A convolutional neural network based feature learning and fault diagnosis method for the condition monitoring of gearbox

Feature extraction plays a vital role in intelligent fault diagnosis of mechanical system. Nevertheless, traditional feature extraction methods suffer from three problems, which are (1) the requirements of domain expertise and prior knowledge, (2) the sensitive to the changes of mechanical system and (3) the limitations of mining new features. It is attractive and meaningful to investigate an automatic feature extraction method, which can adaptively learn features from raw data and discover new fault-sensitive features.
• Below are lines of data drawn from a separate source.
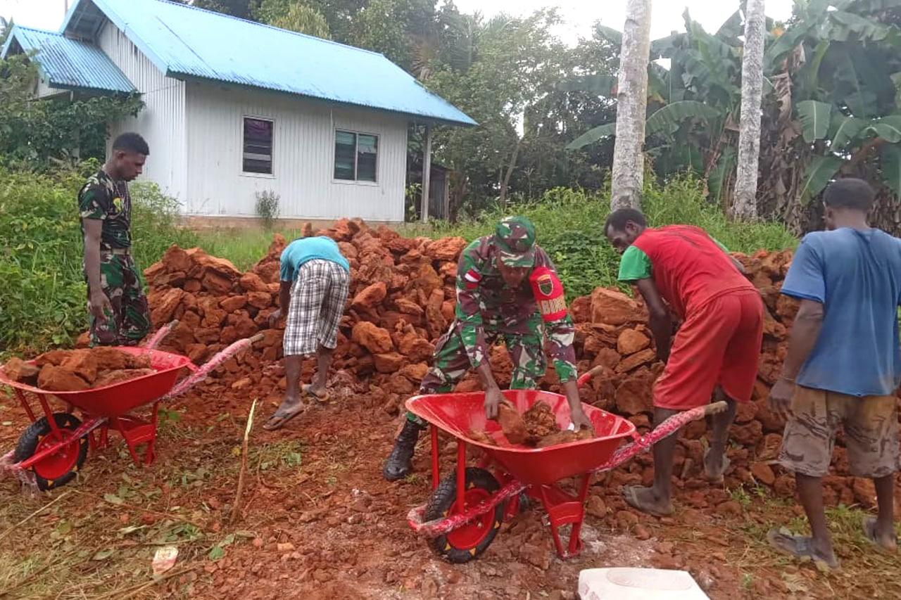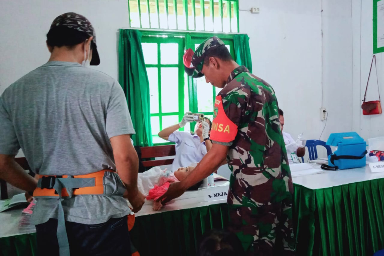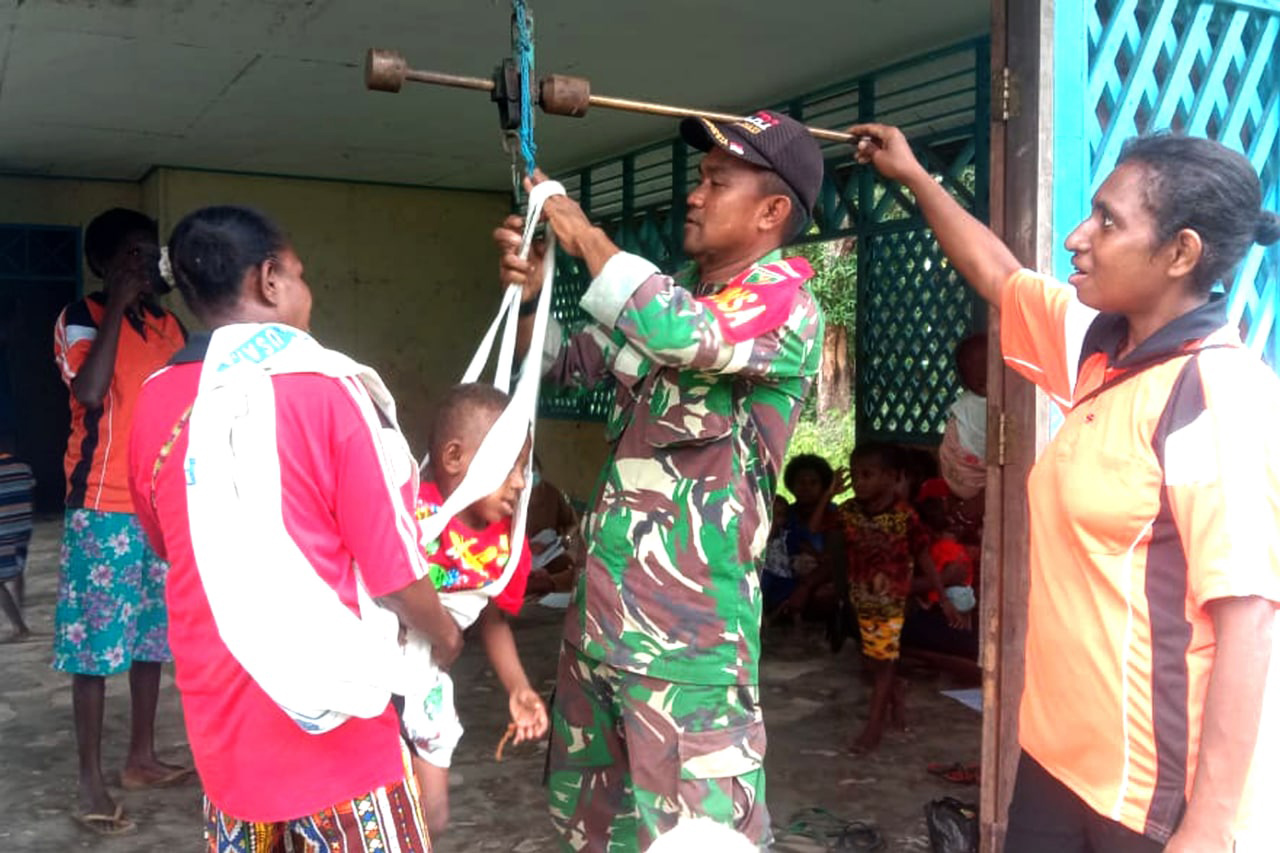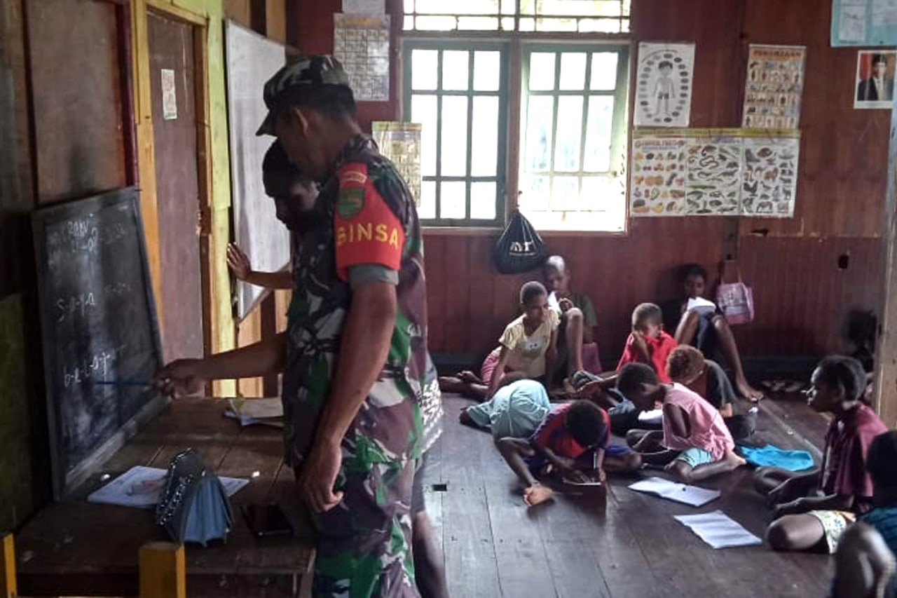 SISWA-SISWI SD YPK NGGUTI DILATIH BARIS BERBARIS OLEH BABINSA KORAMIL OKABA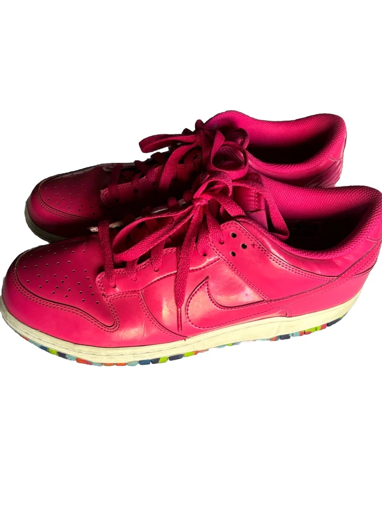 RARE AND HARD TO FIND! Nike Dunk Low in vivid pink and limited edition "Fruity Pebbles" edition! Awesome and fun multi-colored bright soles and hot pink patent leather. Women's 11.5, or men's 10. Great to add to your collection!!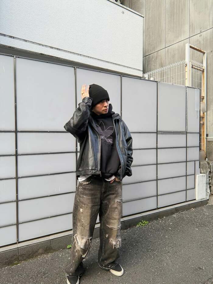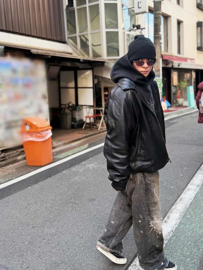写真を見てみると、ニット帽を深くかぶり、黒のフーディー、レザージャケットに、ダメージ加工デニムを合わせたストリートスタイルで、壁の前でクールにポーズを決める姿が。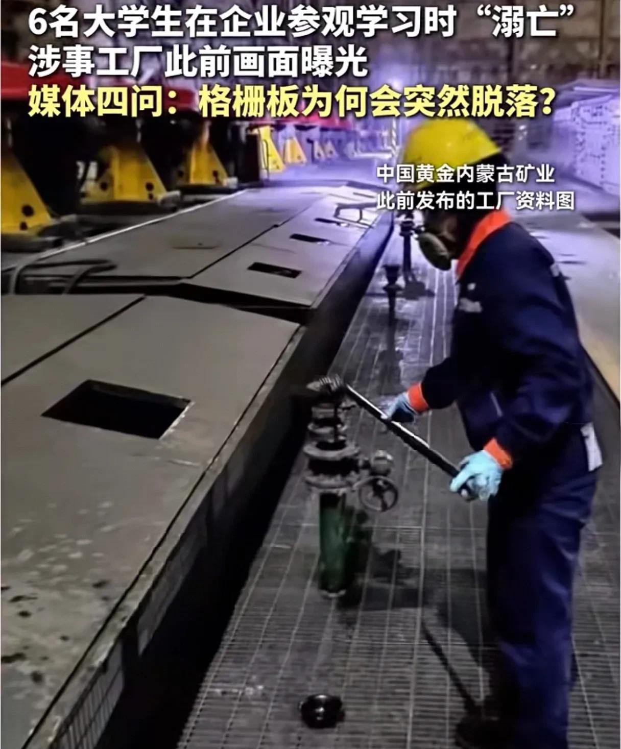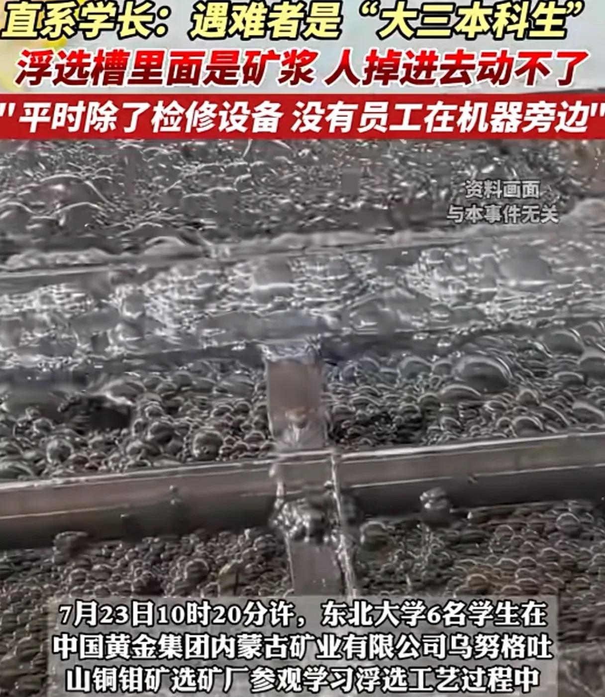 内蒙古将提级调查6名学生“溺亡”! 6名东北大学的高材生只是参观学习却丢了性命,家属心痛,网友心痛! 浮选槽是选矿工艺中的关键设备,矿浆密度高于纯水,黏稠且流动性差,温度接近100℃!底下的矿浆是带有腐蚀性的。6条鲜活的生命掉下去2-4米深,便无法动弹,几乎只能在里面等死,其惨烈场景我们可以想象却又不敢去细想! 据企查查信息显示,2021年,呼伦贝尔市应急管理局对中金内蒙古矿业实施检查,发现隐患27条。梳理发现,在2021年就被发现27条隐患。而在2024年,中金内蒙古矿业还因未批先建,企业和主管负责人共被罚款51.8万元。 一个简单的逻辑,化学水气上升不停的腐蚀格栅板。明明这样的企业应该是最重视安全生产的,却没有重视竟然有这么多安全隐患! 随着媒体扒出来更多的细节,六名大学生并不是没有安全意识,不小心掉进去了,而是他们站在格删板上面,整个板掉下去了,中金黄金啊,作为上市企业,安全生产意识薄弱却又如此不堪设想! 事发后涉事公司通报“口吻”也遭网友质疑:他们轻描淡写的说学生只是“溺亡”。说老师只是受伤。而学生们掉进矿浆时承受的痛苦就这么被抹去了。包括所谓的老师截肢也只是说“受伤”两个字? 目前,曾获东北大学优秀实践教育基地的这家矿业公司已经停产。 6个孩子关系到6个家庭,太让人心痛了!网友:期待真相!希望这次好好查查吧!
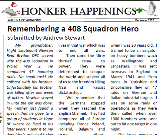 My grandfather, Flight Lieutenant Newton Reid Brydon DFC served with the 408 Squadron in World War 2. He completed 47 bombing raids. No small task! He enlisted with his brother. Unfortunately his brother was killed after one week of action. Newton stayed in until the job was done. My mother just found a speech that he gave to a group of students in Hope BC where he lived in his later years. I sent it to my daughters principal today where she read it to the whole school. I hope…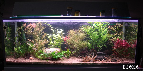 Tarkoituksena on vielä luovuttaa osa kasveista tuttavalle, kun ne eivät kaikki mahdu tuonne omaani. Sain häneltä tuossa akvassa komeilevan kepakon, joka on kuulemma villiomenapuun oksa. Virittelin sen eilen paikoilleen, ja samalla karsin kasvistoa runsaalla kädellä. Akvaario näytti nimittäin melkoiselta pusikolta jonkin aika sitten… (3.1.2012)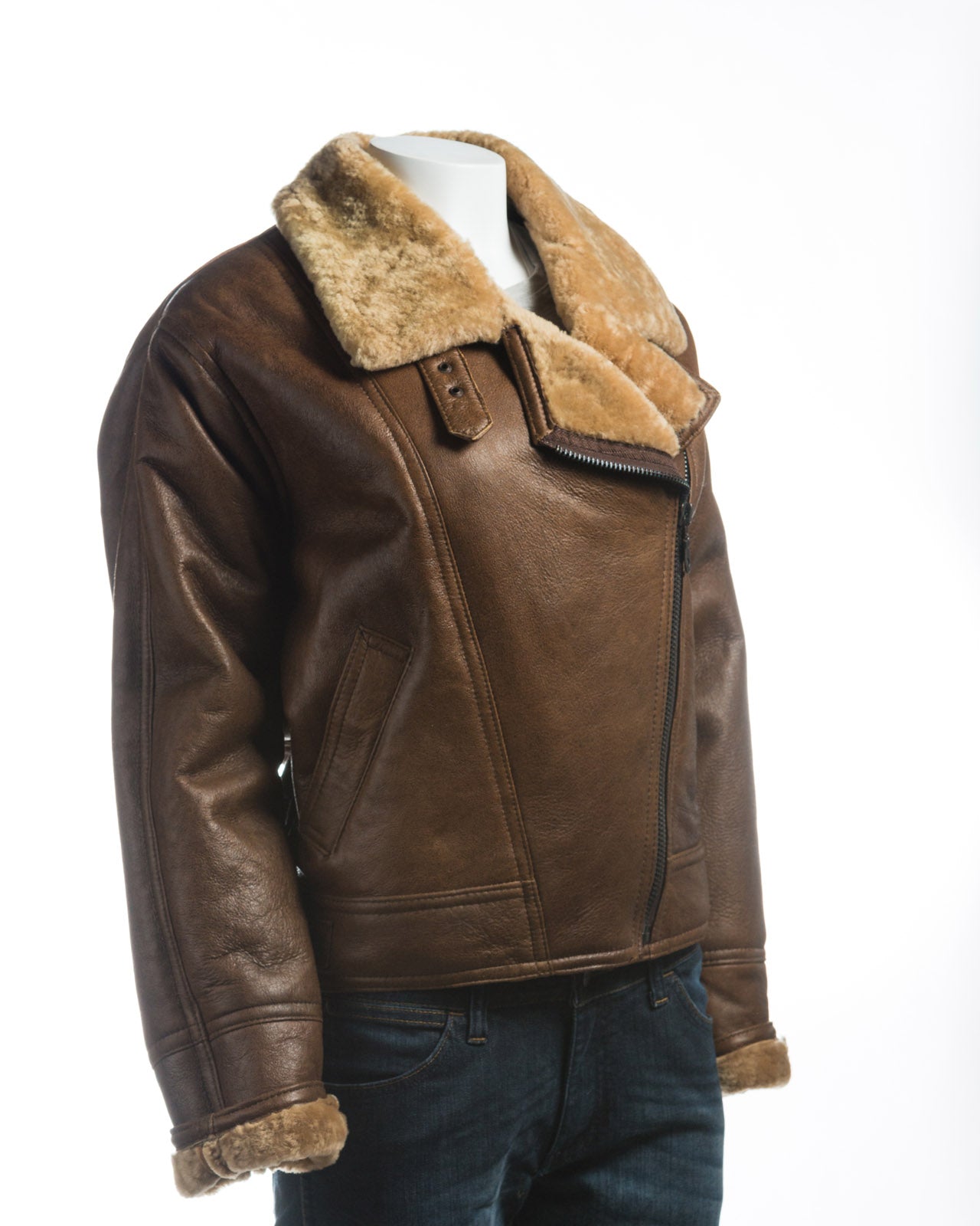 This is the iconic double breasted asymmetric zipped sheepskin flight jacket, crafted from a single piece of supersoft and durable sheepskin into a form fitting, feminine creation. This design has a slightly roomier fit across the back, compared to the vertical zip versions (Cornelia). A strong angled zip rises to the wide fleeced collar that can be held in a high neck position with a strap and buckle fastener. You will also find the inside fleece trim at the turn up cuffs. There are two angled zipped pockets at the waist. A classic and timeless gem that will only get better with age. This is a loose fit coat. |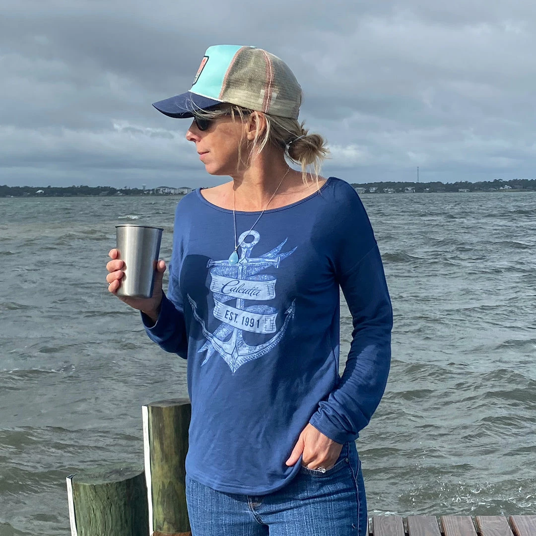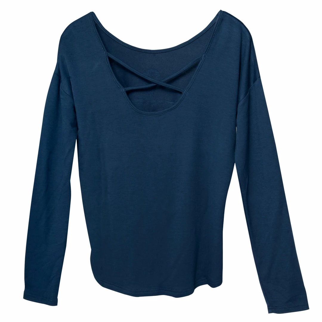 This women’s long sleeve tee features a drop shoulder, cross back straps, and rounded bottom hemline. Comfortable french terry blend fabric of rayon, polyester and spandex. Tone on tone graphic shows you are anchored in style.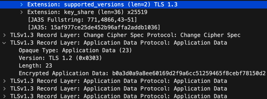 Central NAC is using TLS 1.3, which means the certificate exchange is encrypted: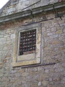weisen noch die Verankerungen der Gitterstäbe auf. Ursprünglich hatten diese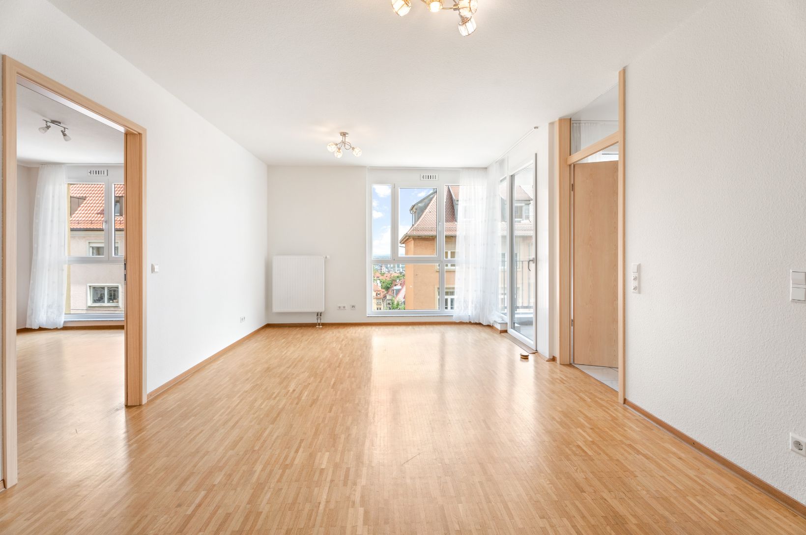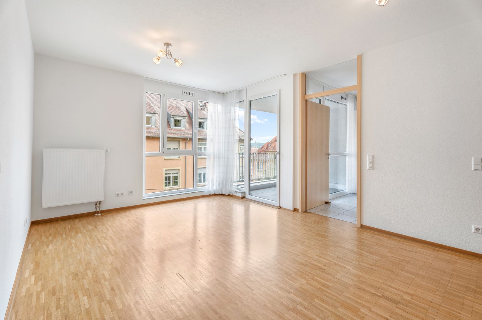 Große Fensterflächen und ein sonniger Balkon verleihen der Wohnung eine helle und freundliche Atmosphäre.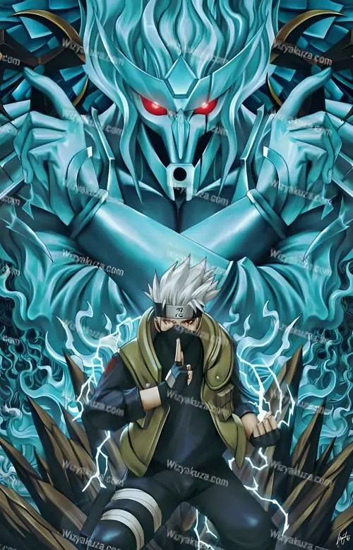 Kakashi HatakeManga, anime, gameXanh lam nhạt. Chỉ được thấy ở dạng toàn chân thểSusanoo có mũi tengu, phần đầu giống băng bảo hộ trán, hai lọn tóc rủ hai bên mặt, lỗ ở cằm và vệt dọc qua mắt trái giống vết sẹo đặc trưng của Kakashi. Vũ khí nổi bật là katana và shuriken Mangekyo có khả năng dịch chuyển mục tiêu

Deep learning has been widely used in image analysis and speech recognition with great success. The key advantage of this method lies into the ability of mining representative information and sensitive features from raw data. However, the application of deep learning in feature leaning for mechanical diagnosis is still few, and limited studies have been carried out to compare the effectiveness of feature leaning with various data types. This paper will focus on developing a convolutional neural network (CNN) to learn features directly from frequency data of vibration signals and testing the different performance of feature learning from raw data, frequency spectrum and combined time-frequency data. Manual features from time domain, frequency domain and wavelet domain as well as three common intelligent methods are used as comparisons. The effectiveness of the proposed method is validated through PHM 2009 gearbox challenge data and a planetary gearbox test rig. The results demonstrate that the proposed method is able to learn features adaptively from frequency data and achieve higher diagnosis accuracy than other comparative methods.